Los Kamenake eran guerreros, siempre lo habían sido. En la historia del imperio destacaban los nombres de antiguos generales y militares de todos los rangos pertenecientes a este clan, y por eso todos los niños, incluido un paria como Hanakibō, eran entrenados desde jóvenes en el arte de la guerra. Pero no solo los varones entrenaban, también las hembras, y es que al contrario que en otras familias, en los Kamenake se daba una política de no discriminación por género al menos en lo que a estudios militares se refería. Solo en los Sahoi pasaba algo parecido.
Las Lanceras, nombre que recibía la élite militar femenina del clan, eran un gremio aparte dentro de la familia, con tantos privilegios y obligaciones como pudiera tenerlos un hombre cualquiera, e incluso potestad para decidir si querían casarse o no. Algo que en ocasiones debía ser denegado por el cabeza de familia, sobre todo si se buscaba la perpetuidad del linaje Kamenake. Sin embargo, y pese a lo antes dicho, las Lanceras no respondían ante el jefe del clan, sino que tenían su propio cabecilla, que normalmente era la esposa del jefe o, en su defecto, la hermana o hija de este. Y en la actualidad la cabecilla de las Lanceras era Ayami, hermana menor de Ayume.

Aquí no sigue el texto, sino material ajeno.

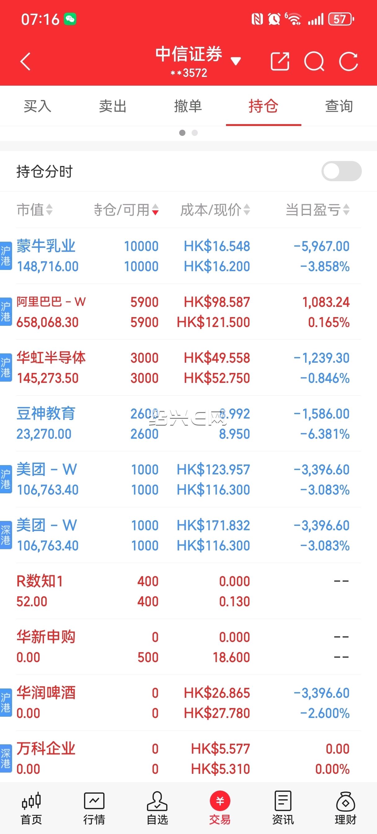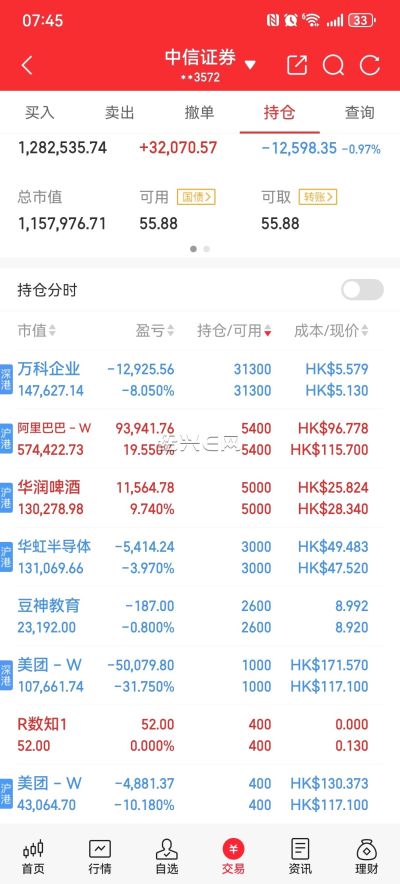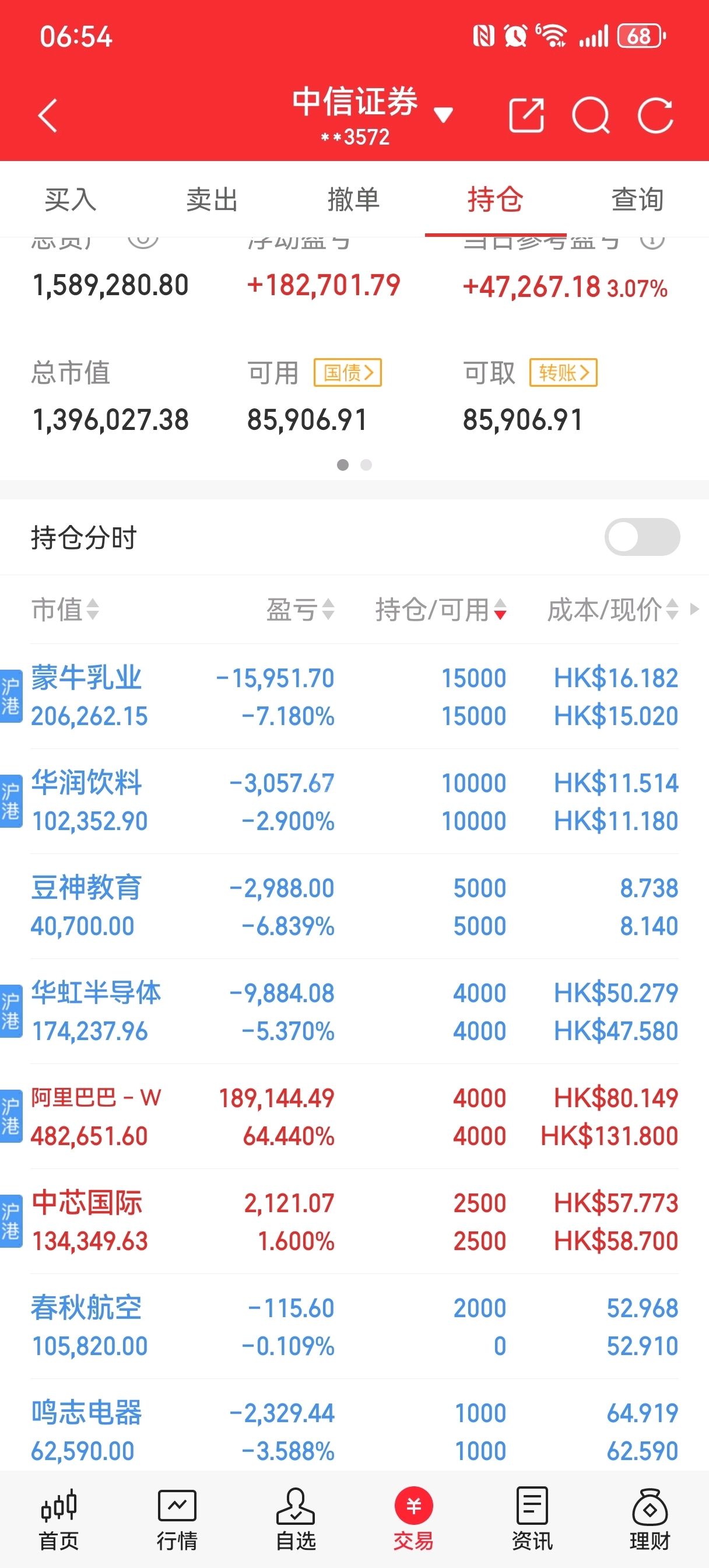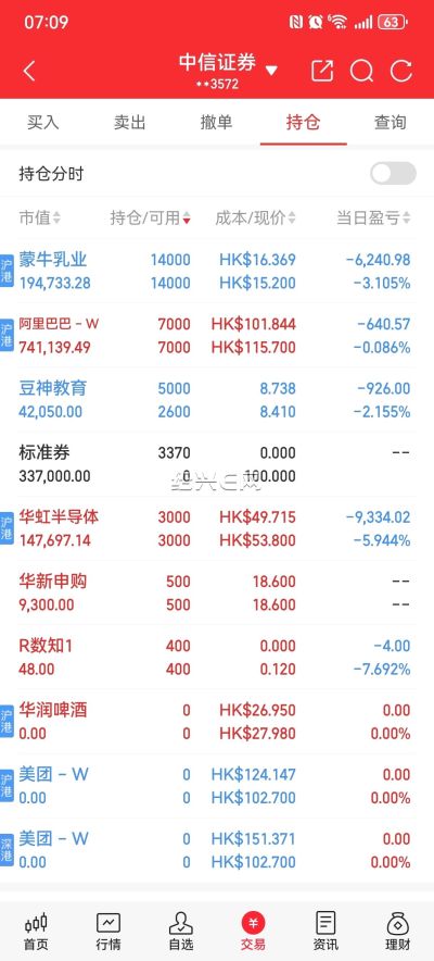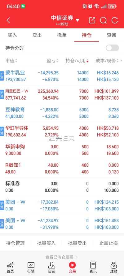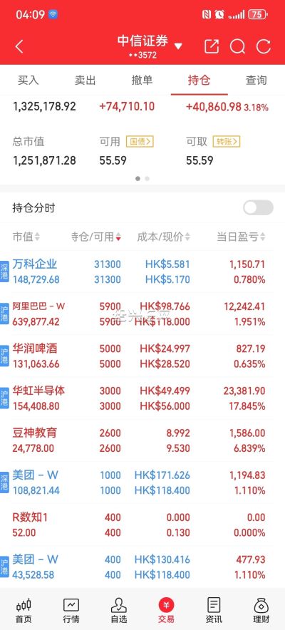 阿里巴巴终于有收获了,继续等待,美团里亏的回来了。加仓华虹半导体,大A今天涨了9以上,港股居然是跌的,明天下跌继续买。中芯国际跌了也一样。

Dado que uno dirigía la facción militar masculina de la familia, y la otra la femenina, que los hermanos se peleasen era similar a una pequeña guerra civil dentro de la mansión familiar. Y no en sentido figurado; en una ocasión incluso hicieron estallar pólvora en uno de los recintos provocando la muerte de un criado debido a la caída de escombros. Por eso, cuando Hanakibō supo que se había iniciado una pelea, dejó de lado todo lo que se suponía que debía hacer y salió corriendo en dirección a la mansión familiar. Porque si Mimi tenía razón y estaban discutiendo por su culpa, puede que él fuera el único capaz de impedir el desastre.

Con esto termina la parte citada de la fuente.